Tonicité et émotion sont deux notions intimement liées dans le comportement humain, dans notre manière d'être au monde, d'être en relation. Comme le souligne H. Wallon, la tonicité est un système intermédiaire dans la communication émotionnelle. Les vies affective et relationnelle s'impriment et s'expriment à travers le corps par le biais de la fonction tonique. C'est à travers notre corps que nous recevons le monde et que nous entrons en relation avec lui. Le tonus prépare et guide les gestes. Il exprime

en même temps, par les postures qu'il suscite, les variations affectives que nous vivons lors d'expériences relationnelles avec autrui.

La notion de dialogue tonique a été décrite par J. de Ajuriaguerra. Selon lui, la fonction tonique intervient dans les interactions précoces, notamment à travers celui-ci. La mère est sensible à l'état tonique de son bébé et s'ajuste à lui corporellement pour satisfaire ses besoins. Inversement le tout-petit ressent parfaitement le tonus de sa mère. Ce même tonus retentira à son tour sur lui.

"Même s'il n'est pas question de superposer le modèle de la mère winnicottienne, être

thérapeute dans ce domaine qui privilégie la relation non verbale consiste bel et bien à accepter que nos intonations, nos positions, notre tonicité, nos émotions, soient au premier plan des interactions avec le patient" [...] (C. Potel, 2010 p. 358).

C'est ce qui se passe en séance de psychomotricité. Le dialogue tonico-émotionnel constitue une véritable relation infra verbale. Il représente un élément privilégié de communication entre le patient et le psychomotricien. Ce dernier agit en fonction des messages toniques que le patient lui envoie. A l'inverse, il peut lui transmettre un message à travers sa tonicité.

Le psychomotricien a recours à sa sensorialité primaire qu'il prête à son patient. Il le fait de façon différente de la mère puisqu'il a travaillé cette qualité de communication corporelle à l'autre. La sensorialité du psychomotricien entre en résonnance avec celle de l'enfant et lui permet de donner sens à ce que le corps de l'enfant lui fait vivre, et probablement de ce qu'il vit en lui-même d'anarchique.

Je me suis d'ailleurs aidée du dialogue tonique lors des séances avec Dimitri. Lorsque j'effectuais des pressions sur ses pieds à travers les draps et couvertures, j'augmentais ma tonicité pour qu'il en ressente les bienfaits malgré les épaisseurs des tissus qui l'enveloppaient. J'avais l'impression de lui apporter appui et soutien.

Tout ce que nous allons ressentir en tant qu'acteurs du soin va modifier notre espace sensoriel interne, notre espace affectif et nos représentations. Et nous allons mettre en place des stratégies d'action en fonction ce que nous aurons ressenti. C'est un ajustement, à la fois physique et psychique. Il nécessite une distance thérapeutique pour être adapté et cohérent.

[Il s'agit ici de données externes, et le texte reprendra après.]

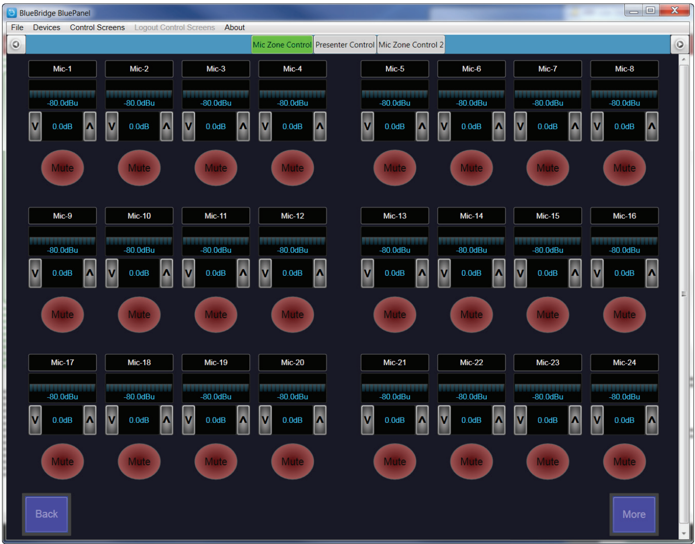
This BluePanel Control Offers Streamlined Operation & Visual Confirmation of 24 Microphone Inputs.

©2013 Atlas Sound L.P. All rights reserved. Atlas Sound and Strategy Series are trademarks of Atlas Sound L.P. All other trademarks are the property of their respective owners. AT5004616 RevA 4/13
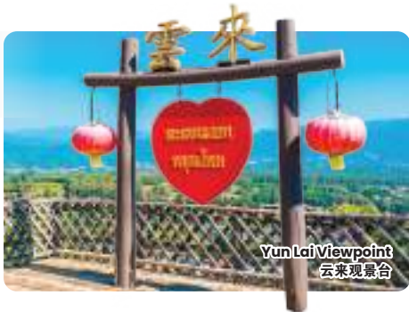
Yun Lai Viewpoint 云来观景台
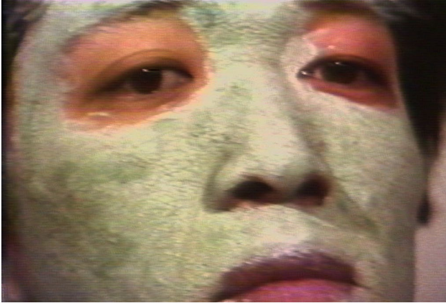
Still from 7 Day Activity , 1977.

space for us to sort through potentials and pitfalls of incessant media production and consumption. Flash Memory (2010-2015), a video installation and image chronology of Wong's everyday life (over 27,000 digital images played at 15 images per second) and #LLL Looking Listening Looping (2014)—350 GIFs, Vine videos, and Instagram clips presented on an array of small screens across a gallery wall—call attention to the sheer volume, and particularly how personal content is becoming increasingly public and shared. No longer censored by or excluded from mainstream media, these new waves of micro media—and the shift towards personal channels such as Facebook, Twitter, YouTube and Instagram—have created plural networks of interaction and, one would hope, more diverse representations of society. Media, in many ways, has caught up to his vision of what is possible. However, Wong warns that it's too early to draw conclusions about its full impact on art and contemporary life, particularly in dissolving the persistent hierarchies of representation: "We are very much in the early, primitive years of digital culture and its possibilities, the democratization of media and its expansion around creative, artistic endeavours: how it's made, how it's shared, how it is commodified, how it is distributed." 5
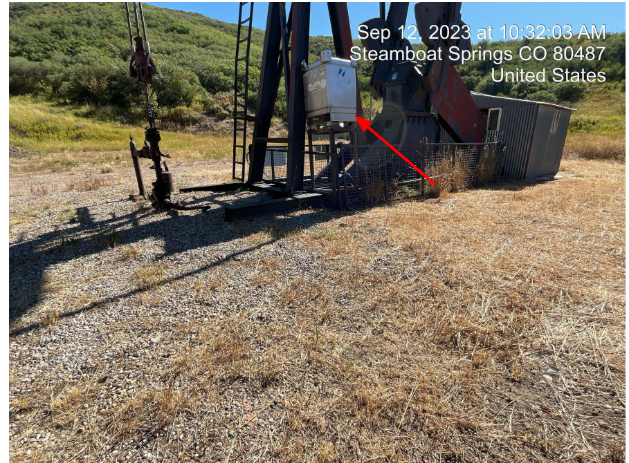
Photo 10. Observed weed debris and some vegetation growing around production area. Photo also shows an unused chemical tote documented in FIR #702800441 remaining.
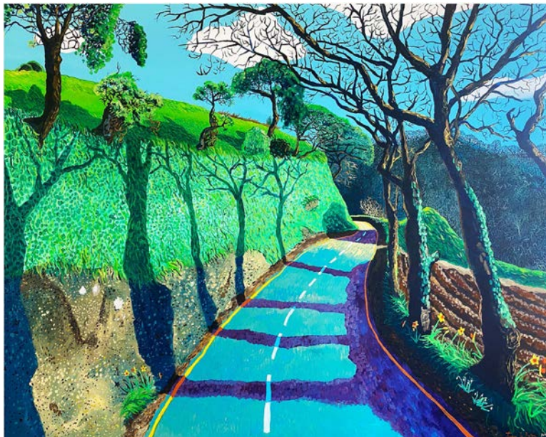
Jacques Le Breton Winter Shadows, 2022 120cm x 150cm Acrylic on canvas £3,000 +GST
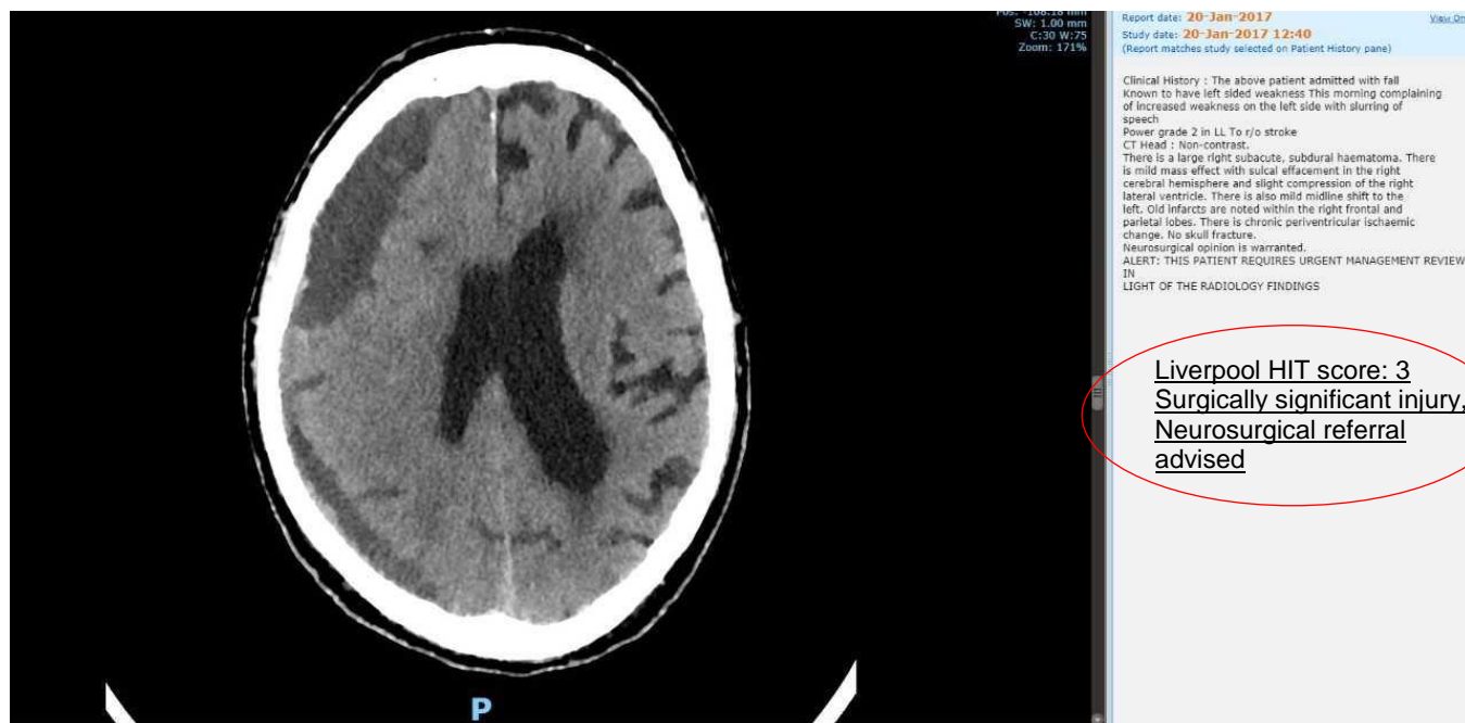
Figure 3- example case using the Liverpool HIT score (HITS) in a patient presenting to the emergency department with left sided weakness and a GCS of 14
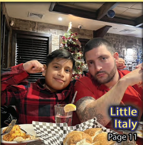
Little Italy Page 11

2-3 Une distance thérapeutique essentielle

La relation de corps à corps est possible grâce à un état particulier de disponibilité à l'autre : c'est l'empathie. Elle désigne la capacité à se mettre à la place d'autrui, de percevoir ce qu'il ressent. Elle est fondée sur la capacité à reconnaître qu'autrui est semblable à Soi mais sans confusion entre soi-même et l'autre.

Sans elle, le travail thérapeutique est impossible. La distance relationnelle inclut une distance physique et surtout psychique. Une prise de recul est indispensable à la création d'un espace de pensée. "Certains éléments peuvent nous y aider: projet de

soin, prises de notes et écrits, références théoriques, formation, supervision. Ils participent à la création d'un espace d'élaboration, espace tiers dans la relation au patient, qu'il est parfois difficile de maintenir face à la sidération dans laquelle peuvent nous plonger certaines rencontres. Ces éléments constituent ce qu'on peut appeler un cadre interne, cadre qui est propre à chaque professionnel" (M. Pagani, 2005 p. 50).

Le psychomotricien est avant tout un être humain avec ses qualités et ses défauts. Il peut être triste, de mauvaise humeur, en colère ou soucieux. Cependant face au patient, il doit être capable d'en faire abstraction. Il reste aussi humain face à la souffrance du patient qui peut réveiller en lui conflits et angoisses. Le psychomotricien se doit alors de connaître et reconnaître ses propres limites et ses propres capacités à supporter cette souffrance.